Mom stepped forward, wrapping her hand around my elbow. "Enough," she said. "The point is, we'll find some way of stopping the Casnoffs that doesn't involve using Sophie as anything."

"That isn't your decision, Grace," Aislinn said.

Mom whirled on her sister with a fierceness I'd never seen in her before. "She is my daughter."

"And we don't always get to pick the paths our family members take, do we?" Aislinn replied, holding Mom's gaze.

A low chuckle reverberated throughout the room, and the hair on the back of my neck stood up. Izzy jumped, and both Finley and Aislinn turned to glare over their shoulders. For the first time, I saw there was something hanging on the wall. I wasn't sure what exactly, because it was covered with a heavy piece of dark green canvas, but from its large, rectangular shape, I guessed it was a painting of some kind.

"Ah, Grace and Aislinn arguing. It's like old times again," a male voice said, sounding vaguely muffled. "Could someone take this blasted thing off so that I can see?"

Once again, my magic was thumping and bumping inside me, so I knew whatever was speaking, it wasn't human. Still, when Aislinn crossed over to the thing hanging on the wall and ripped down the canvas, I was taken aback by what I saw.

It wasn't a painting after all; it was a mirror, reflecting the dingy, gloomy room. It was weird seeing the tableau we made. Mom stood with her hand still on my elbow, her expression wary. Aislinn was looking at the mirror with something like disgust, while Izzy had gone even paler, and Finley was scowling. As for me, I was shocked by my reflection. I was thinner than I remembered being, and my skin was dirty, tears leaving trails on my dusty cheeks. And the hair...you know what? Let's not even go there.

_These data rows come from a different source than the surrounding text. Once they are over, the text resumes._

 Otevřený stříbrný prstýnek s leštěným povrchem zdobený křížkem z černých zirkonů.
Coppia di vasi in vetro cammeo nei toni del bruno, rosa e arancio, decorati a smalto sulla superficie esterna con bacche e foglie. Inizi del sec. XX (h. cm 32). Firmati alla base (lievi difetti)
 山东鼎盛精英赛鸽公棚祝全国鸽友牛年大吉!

But my looking like Little Orphan Sophie wasn't what had my powers going nuts. It was the guy.

In the mirror, he was sitting cross-legged in the middle of the round table, smirking out at all of us. Even though I knew he wasn't really there, I glanced at the center of the table anyway. The same maps and papers that were crumpled under him in the mirror were still unruffled and smooth.

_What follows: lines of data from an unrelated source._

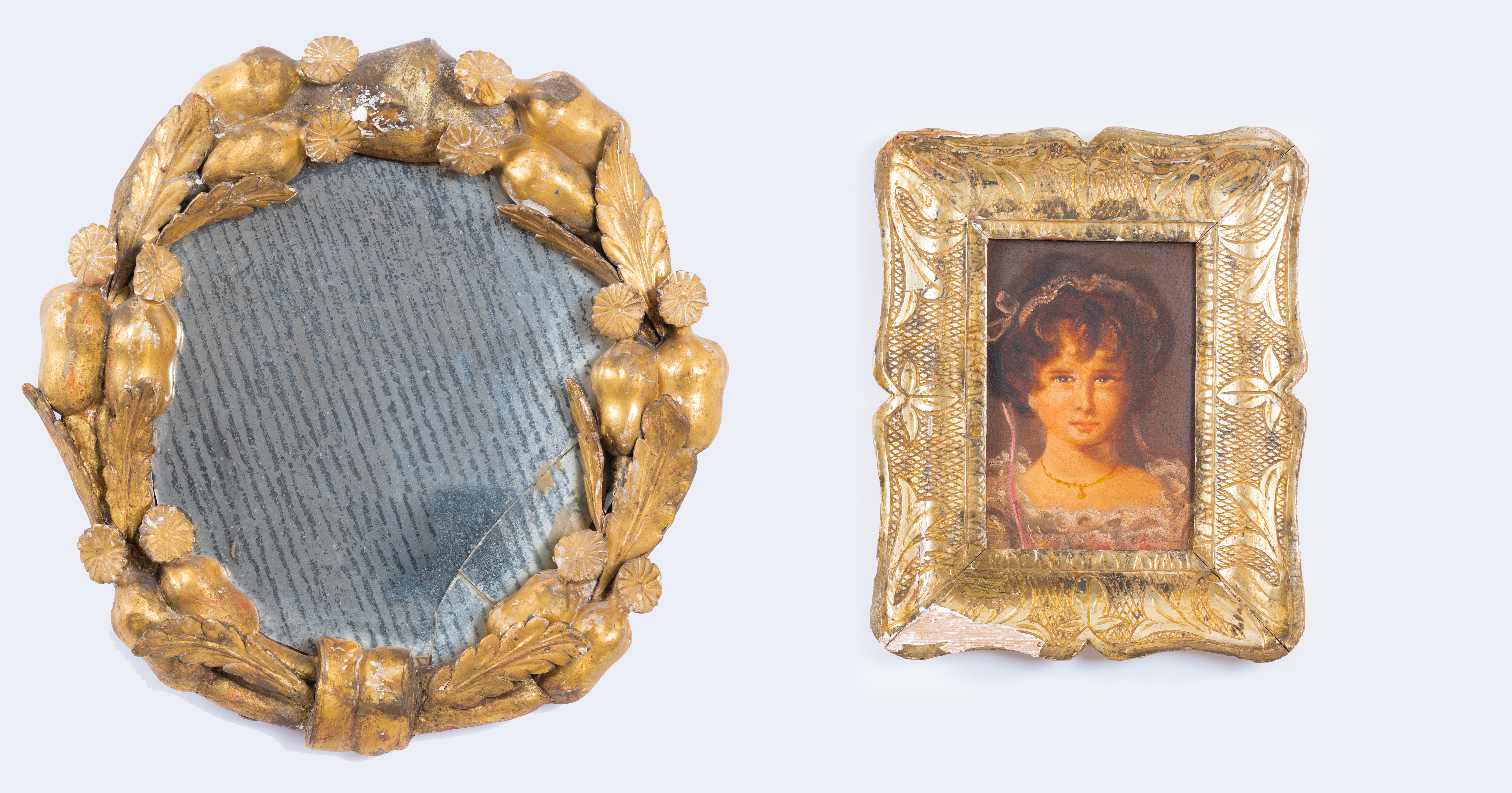 Cornice a guantiera in legno dorato ad argento a mecca con olio su tavoletta raffigurante "Ragazza" e piccola specchiera in legno intagliato, doratura ad oro zecchino.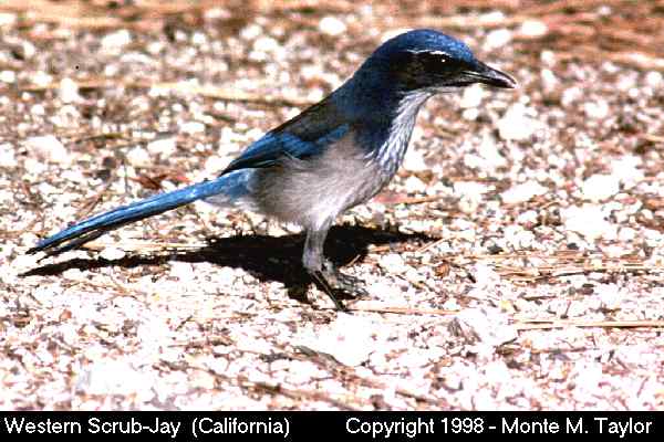 At the junction of the trail to Henninger, birds congregate in the trees and on the utility wires--many western bluebirds, some band-tailed pigeons and a single sleek, tufted phainopepla attracted to the mistletoe berries. Smaller tufted gray birds, oak titmice, feed on the rocky slope. White-breasted nuthatches busily spiral down the spruce trunks. A hawk screams eerily in the distance, out of sight in the opacity.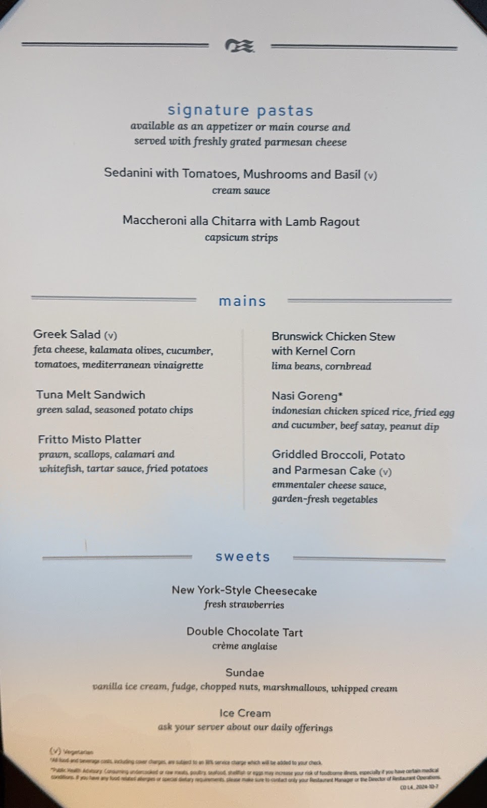 Tonight was not (hallelujah) a formal night, so I threw a scarf on over my long-sleeved T-shirt and added my fleece jacket and figured that was acceptable dinner attire. I will say that this cabin at the front of the ship has definitely increased the number of steps we walk. Well that plus the fact that the Elite Lounge was moved to Skywalkers for this cruise. Getting from Skywalkers to the Michelangelo Dining Room at 5pm is a journey worthy of carrying a sack lunch: walk down the aft stairs to Deck 15, forward through the World Fresh Marketplace and past the Calypso Pool area, and down a mid ship elevator to Deck 5, always the milk run at that time of day. The aft elevators are totally packed with people going to the Botticelli Dining Room.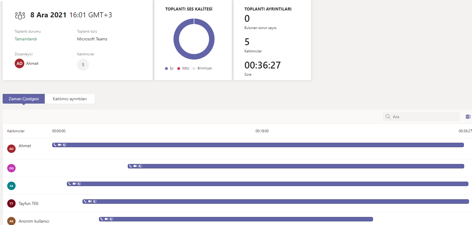 Herhangi bir toplantının ID’sine tıkladığınızda aşağıdaki gibi bir özet ile karşılaşacaksınız. Teams, toplantı özet bilgilerinin yanında hangi kullanıcı saat kaçta toplantıya giriş yapmış ve ne kadar toplantıda kalmış gibi soruları ilk izlenimde size sunuyor.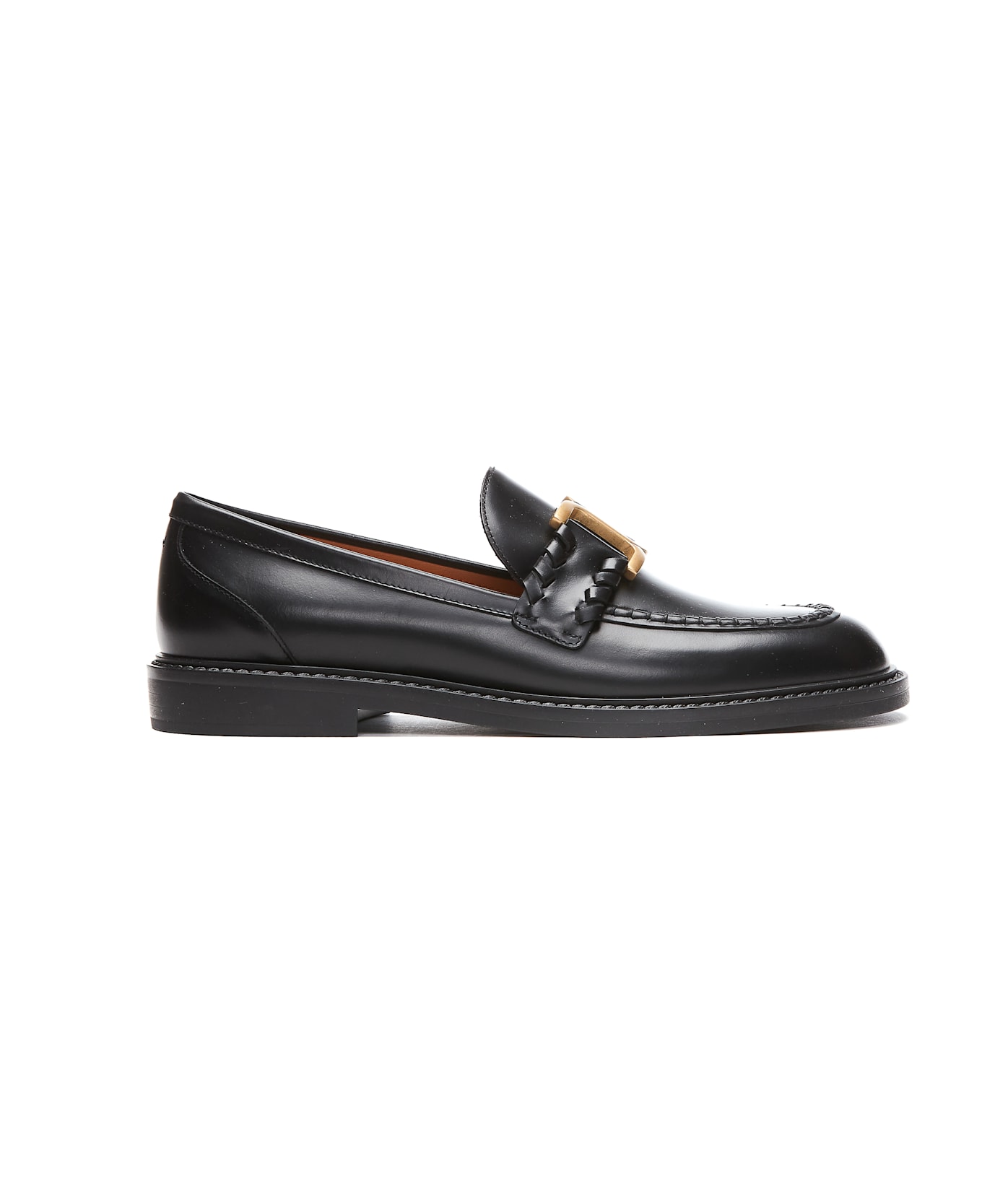 Chloe' black Marcie loafers, round toe, leather upper, frontal golden detail Composition: 100% Calf Leather/rubber Sole

His shaggy hair was dark blond, and lace dripped from the cuffs of his shirt, brushing the papers on the table as he rested his wrists on his knees.

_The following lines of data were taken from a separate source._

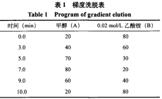 離子交換柱為ACQUITYUPLCBEHC18(2.1mm×50mm,1.7μm),柱溫30℃,進樣量:3μL,流動速度為0.15mL/min,檢驗光波長為230nm。流動性相各自為工業(yè)甲醇(A)和0.02mol/L乙酸銨(B),流動性相的梯度方向過柱程序流程如下所示表所顯示: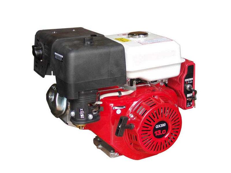 Бензиновый двигатель модели GX390 воздушного охлаждения, OHV, мощностью 13,0 л.с., гильзованный, моторесур 3000 моточасов. Изготовлен на заводах ведущих компаний Китая по лицеyзии компании HONDA. Рекомендуем приобретение этого двигателя для установки на минитракторы и мотоблоки «Беларус», генераторы, резчики швов и другую технику. В данном двигателе установлена система аварийного отключения двигателя при низком уровне масла.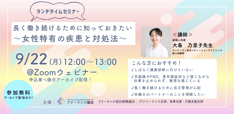 | プロフェッショナル&パラレルキャリア・フリーランス協会事務局のたくまです。 恥ずかしながら、会社員の時、給与明細の見方をよくわかっておりませんでした。手取りの額面だけを見て「なんかすごい引かれるやん」と思っておりましたが、いろんな保険料を会社が負担してくれてたんですね…フリーランスになって、ようやく知りました。 失って初めて気がつくすごさ、でも働き方の自由を選んだわけだしな…いや保険・保障とトレードオフみたいに思っているけど、はたしてそうなのか。 会社員かフリーランスか2択ではなくてグラデーションになっているし、そもそも働き方のバリエーションはもっと増えるかもしれない。 令和時代の働き方に合わせて、保険・保障の最適解も考えていきたいです。 さて、本日のフリーランスアンケートです。 ![]() ![]() 注目ニュース ![]() 【回答募集】社会保険に関する意識調査 フリーランスとして活動する上で、社会保険についてどのようにお考えでしょうか。 フリーランス協会では「フリーランス白書2021」で社会保障に対する課題感について、自主調査を実施しました。 調査時点から約5年が経過し、社会情勢も大きく変化した今、あなたがどのようにお感じになっているか、率直なご意見をお寄せください。 調査結果は、毎年発行している「フリーランス白書」の2026年版として公表され、政府・関係省庁への政策提言や、当協会の活動方針策定及び新サービス開発の検討に役立てられます。 小さな声を大きな声へ。 ぜひあなたの声を届けてください! 🎁抽選で50名様にAmazonギフト券1000円分を贈呈 アンケート回答はこちらから 【調査対象】日本国内で働いているフリーランス (個人事業主、法人経営者、委託就労者、すきまワーカー、副業従事者を含む) 【所要時間目安】5分 【回答期限】2025年9月30日(火)23:59 ![]() みんちょぼ ~みんなで帳簿をつける会~ 9月18日(木)13:00〜@東京、オンライン ≪東京・市ヶ谷会場≫ その場でスッキリ!直接聞ける相談&作業会~みんちょぼ特別編 ≪オンライン・zoom開催≫ みんちょぼ ~みんなで帳簿をつける会~ vol.11 9月、今年の3分の2が過ぎ、そろそろ確定申告の準備も考えたい頃です。 リアル会場では(一社)東京青色申告会連合会のご協力のもと、帳簿付けや確定申告について、専門家へ対面で相談いただくことができます。 恒例のオンラインみんちょぼも同日開催です! オンラインの個別相談は9月7日締切です。 個別相談なしのご参加は、8日以降もお申込み可です。 また市ヶ谷会場での個別相談は引き続き受付中です! 年が明けてからの開催時は大変混み合いますので、相談するなら今の時期がおすすめです! ![]() フリーランス・副業をめぐる動き アマゾン配達員は「労働者」か「個人事業主」か? プラットフォーム業界の“働き方”を左右する訴訟の行方|弁護士JPニュース アマゾンの下請け配達会社と業務委託契約を締結していた配達員が、契約解除の撤回や残業代請求を求めて配送会社を訴えた件で、アプリを介して仕事を請けるプラットフォームワーカーの労働者性が裁判所によって認められるかどうか、注目が集まっています。 裁判の判決次第では「業務委託」とされるプラットフォーム・ワーカーの法的地位や労働環境に大きな影響を与える可能性があります。 アラフィフ社員の「ジョブ・クラフティング」はなぜ必要なのか? キャリア後半の停滞感を打破する、主体的な仕事づくりが組織の未来を照らす|日本の人事部 仕事で停滞感を抱きやすい45~54歳のアラフィフ世代にとって参考となりそうな「ジョブ・クラフティング」という考え方についての記事です。仕事の「手触り感」を取り戻し、主体的に働くことでやりがいを再び得られ、また若手の模範となり、シニア期への備えや年齢包摂の文化にもつながるとのこと。 会社員からセカンドキャリアを模索中の方はもちろん、フリーランスとしてもこの先のキャリアを考える際に取り入れられそうです。 ![]() 新しい働き方応援メディア「フリパラ」 ![]() 「ここまで必死に働く必要はあるのか」5カ月のプチ移住で経験した「地味だけれど確かな変化」 フリーランス漫画家・かんべみのりさんの海外プチ移住体験記。第2回目は、海外で暮らし、働いてわかった想定外のあれこれを紹介。プノンペンでの暮らしは、これまでがむしゃらに働いてきたかんべさんの価値観を大きく揺さぶったようです。 ![]() 「別世界」を持つと人生が楽しくなる | 団地アンバサダー・けんちんさん【偏愛マニア #15】 村田あやこの偏愛マニア探訪記、今回ご登場いただいたのは、団地アンバサダーのけんちんさん。会社員でありながら、友人・知人200人を団地に送り込むほどの団地愛の持ち主です。さらに、ドムドムハンバーガーや電気風呂まで…!? 広がり続ける偏愛ワールド、その源を探りました! ![]() 8月によく読まれた記事 ▶︎新聞社を退職後、バルセロナで豆腐屋に。「忙しい人は老け込まない」 ▶︎品種と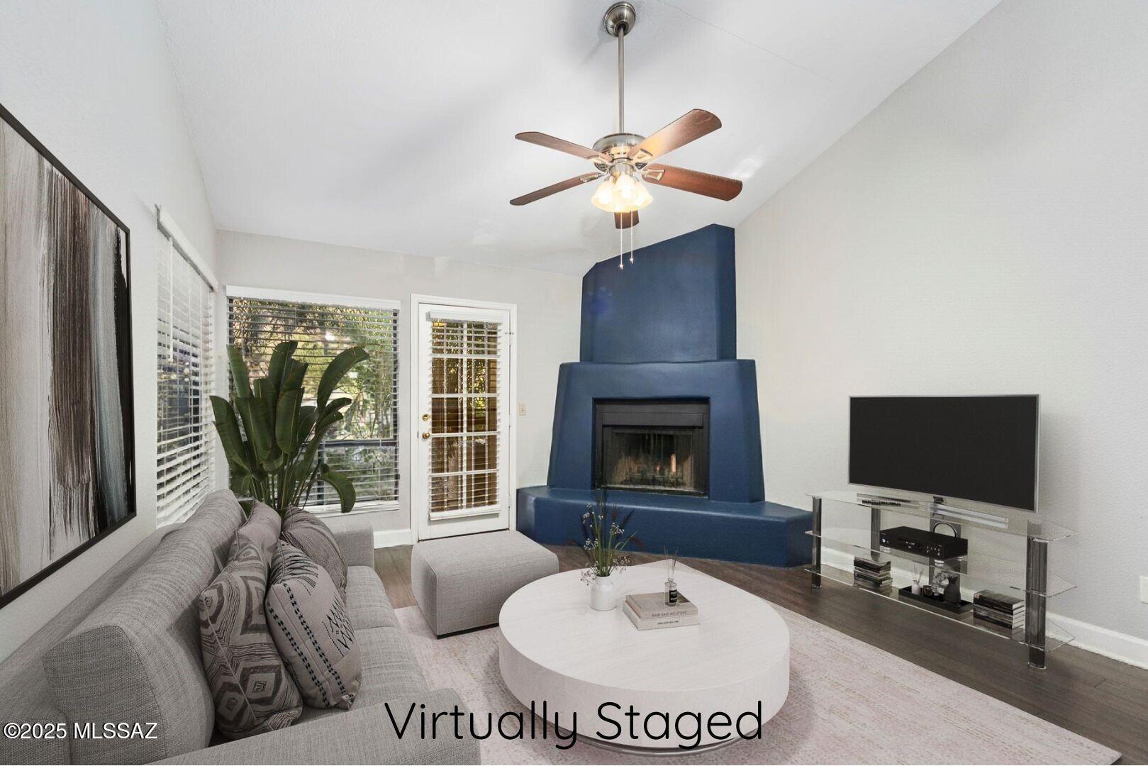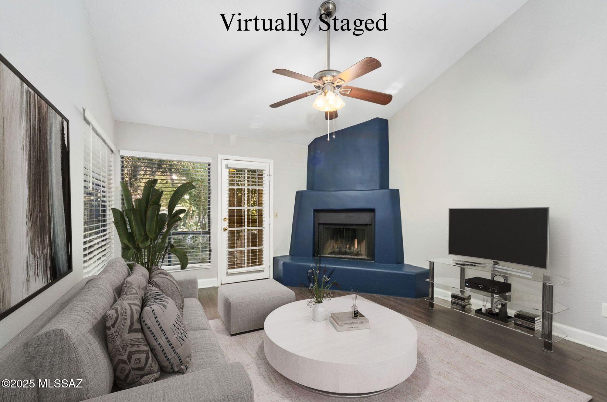Located within the prestigious gated Sin Vacas community in the Catalina Foothills, this beautifully updated townhome offers the ideal blend of luxury, comfort, and convenience. From the moment you arrive, you're greeted by Catalina Mountain views visible as you approach the front door, throughout the interior living spaces, and from the peaceful private patio. Inside, expansive high ceilings and abundant natural light create an airy, inviting atmosphere. The well-designed split floorplan flows seamlessly from room to room, with the living, dining, and kitchen areas anchored by a charming corner fireplace. Thoughtfully remodeled, the home features warm wood-plank flooring, fresh designer paint, and an elegantly updated bathroom showcasing solid-surface marble countertops ,modern Fixtures and refined lighting.The kitchen is bright and functional, complete with matching black appliances, a built-in microwave, tile counters, and a picturesque corner window. The spacious primary suite offers a generous walk-in closet and a private vanity area with marble countertops and a contemporary framed mirror.Residents of Sin Vacas enjoy exceptional community amenities, including a sparkling pool and spa, clubhouse, and scenic walking trails. HOA services provide true lock-and-leave convenience with water, garbage collection, fire protection, roof maintenance, exterior building care, and front-yard landscaping all included.Perfectly positioned near La Encantada, Whole Foods, top-rated restaurants, and some of Tucson's best hiking, this townhome delivers the very best of Foothills living, luxury, views, and a coveted low-maintenance lifestyle in one of Tucson's most desirable gated communities.

He was also rocking some pretty impressive tall boots and ridiculously tight pants, so he was either way into Renaissance Faires over there in Mirror-Land, or he was very old. I was guessing the latter.

"So this is the girl all the fuss is over," he said, studying me. His voice was low, and I think he would've been hot if he weren't radiating this air of

"I Am Super Evil-No, Really-And Not In The Sexy Way." Still, I was pretty sure he was just a regular warlock. Demons gave off a stronger, darker vibe, and while this guy was definitely bad news, he wasn't that dark or that powerful.

Aislinn whacked the frame of the mirror with her hand, causing the table the guy sat on to rock and nearly tip over. The table in the room stayed still.

Clutching one side of the table, Mirror Boy frowned, then opened his mouth to say something. Aislinn cut him off. "You were wrong, Torin. She doesn't have powers anymore."

Torin shrugged. "Does she not? Well, that certainly makes things more interesting." He smiled. Maybe some women would've found it charming. I just found it skeevy. That must have shown on my face, because his grin quickly collapsed, and he turned back to Aislinn with a shrug.